[英]How do I use a macro variable in WHERE statement to subset data by a string? (SAS 9.3)
I want to be able to loop PROC SQL
over a list of variables in a dataset, and within the SQL code, I want to use the variables in the list in a WHERE statement to subset the observations by a character value. 我希望能够在数据集中的变量列表上循环
PROC SQL
,并且在SQL代码中,我想在WHERE语句中使用列表中的变量按字符值对观察值进行子集化。 Specifically, I am looking to count the observations in the dataset where each variable from the list is coded as "Unknown". 具体来说,我希望对数据集中的观察计数,其中列表中的每个变量被编码为“未知”。
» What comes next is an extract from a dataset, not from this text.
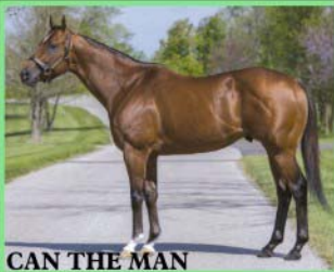
CAN THE MAN

I had no problem setting a WHERE MISSING(&VAL)=1
, but I've run into problems when I try to reference a character value. 设置
WHERE MISSING(&VAL)=1
没有问题,但是当我尝试引用字符值时遇到了问题。
Here's my code. 这是我的代码。 Since I apparently cannot bold the region that is giving me trouble, I've indicated it with <-- PROBLEM AREA (near the bottom).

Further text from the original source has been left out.